In the image above, we see Vecino operating in the half-space on the right-hand side and makes a positive run ahead of the ball into the penalty area. This positional play can be seen again in the below image but this time with Eriksen operating in the right half-space. As Vecino is positioned in between the lines. With this positioning and quick technical execution, Eriksen helps Inter progress the ball once again.

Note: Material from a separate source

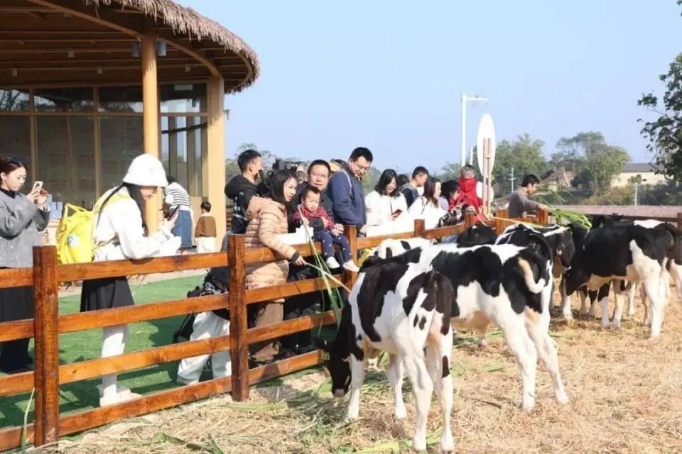 在这里,游客可体验与奶牛近距离互动、牛奶主题手作DIY、大野牧乡美景观光、田园农趣体验、主题住宿、原生态自助餐饮等多种文旅业态。新春贺年、趁墟赶集
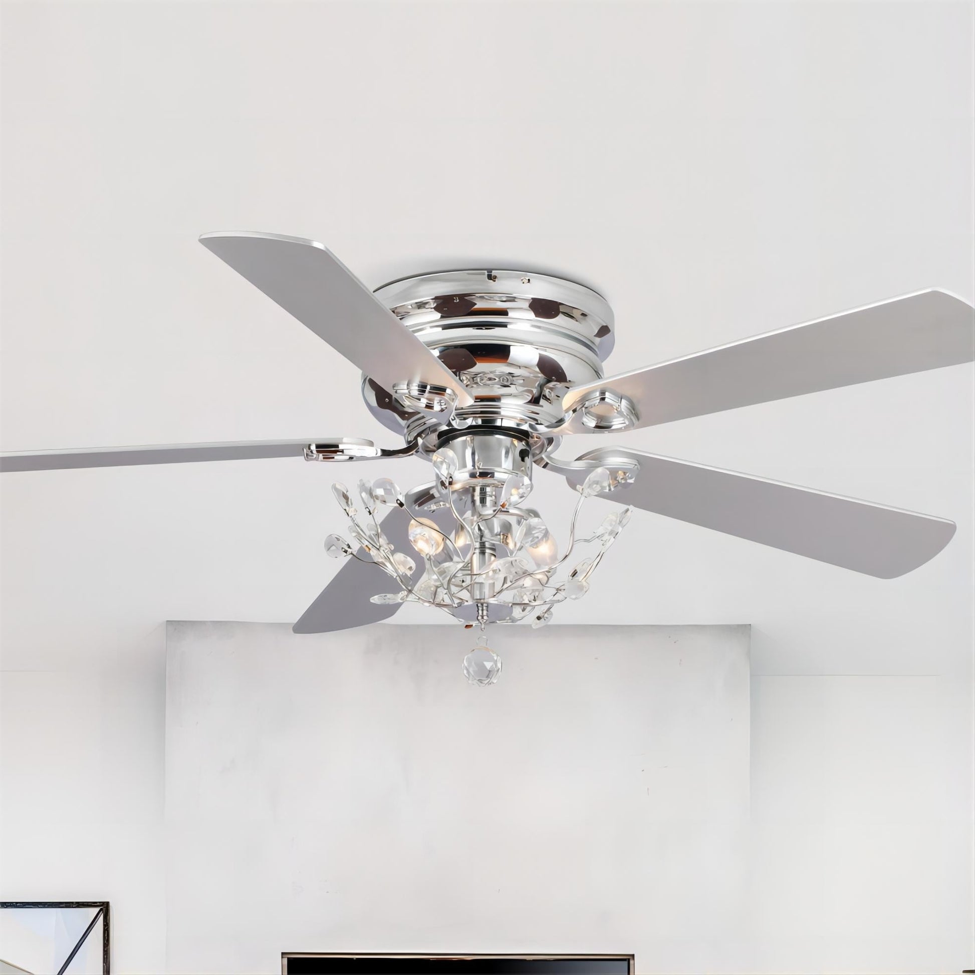 - Modern-style crystal lower-profile fandelier ceiling fan

In the second half, Conte substituted Eriksen with Brozović and Esposito with Sanchez, Brozović played as the pivot and Barella shifted to Eriksen’s position and tried to exploit the half-spaces. Sanchez would often get narrow to create space for Barella. Conte’s substitution changed the entire complexion of the game.
Inter’s short passing and the wingbacks
One route in which Inter advanced the ball was through short, quick passing combinations. In the image below, we again see that Brozović had enough time and space to pass the ball to Barella due to the lack of pressure from Udinese.
During the attacking phase, Milan looked to exploit the full width of the field, pushing their wing-backs high and wide and stretching Udinese’s midfield. The two wing-backs, Young and Moses provided the width.
Here, we see Both Ashley Young and Moses providing the width at the flanks. The front-2 would get narrow to open up the spaces on the flanks with Eriksen playing in between the lines. Moses and Vecino often combined to create a 2v2 situation on the right flank.
Lukaku the Target Man and Inter’s pressing
In this game also, Inter tried to utilize the physicality of Lukaku in their build-up play, driving balls into the center of the field for him to hold up. he provided a focal point from which the rest of the team could construct attacks.
Here, we see Lukaku, providing an outlet for pressurized defenders or midfielders to play the pass to. This was a frequent component of Inter’s play. From these passes, Lukaku would typically play the ball wide to either his supporting forwards or the wing-backs, to transition the ball to the flanks for crossing opportunities. Lukaku would often drop deep into the false-9 position to hold up the ball.
In addition to the above, During the buildup phase of Udinese, Inter were pressing with 5 men and Eriksen was tasked to mark Mandragora who was in charge of receiving the first ball from the center-backs so as to cut off the passing lanes and forced Udinese to go either long or to pass the ball in the wide areas.
Udinese’s counter-attack and Wing-backs.
Without possession, Inter had a formation of 5-3-2, both the Inter’s wing-backs would drop deep in the defense to form a line of back-5. As mentioned earlier, Udinese’s wing-backs additionally joined the attack in the wide areas when Udinese held possession in order to attempt fast counter-attacks.
Udinese tried to use the pace of Fafana on the counter-attacks, he would often combine with Sema on the left flank. Most of the Udinese’s attacks came from the left flank.
Inter fans will no doubt be pleased with their side’s win against Udinese. The attacking tactics set out by Conte brilliantly bypassed Udinese’s defensive block, and the individual skill of the defensive players in his side were able to halt Udinese from scoring on the few opportunities they had. Conte’s side were incredibly well organized out of possession and made good decisions on when to counter, when to play forwards and when to keep the ball.
For Udinese, it was a disappointing result, they have now lost 12 games in this season, at times showed some excellent counter-attacking play but they struggled to break down a well-organized Inter side.